── Data segment ──
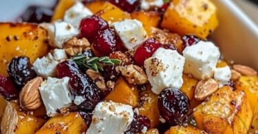 Gerösteter Kürbis mit Honig, Blaubeeren, Walnüssen und Feta-Käse
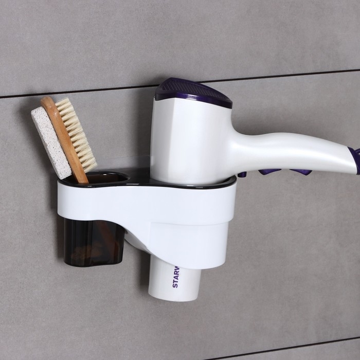 Держатель для фена и ванных принадлежностей в ванную на липучках, 18,7×10×9 см, цвет чёрно-белый
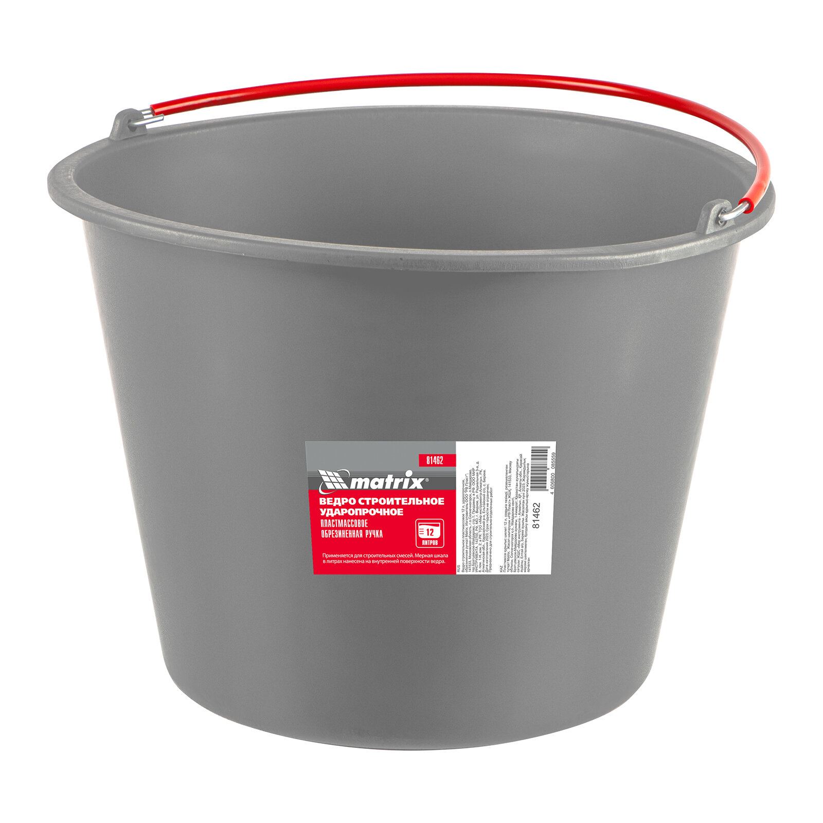 Matrix Ведро строительное пластмассовое 12 л, ударопрочное, обрезиненная ручка 81462 .
───
▸ Work item:
All of the preceding material should be output verbatim, with the pictures excluded.

▸ Solution to this task:
 Gerösteter Kürbis mit Honig, Blaubeeren, Walnüssen und Feta-Käse
 Держатель для фена и ванных принадлежностей в ванную на липучках, 18,7×10×9 см, цвет чёрно-белый
 Matrix Ведро строительное пластмассовое 12 л, ударопрочное, обрезиненная ручка 81462 .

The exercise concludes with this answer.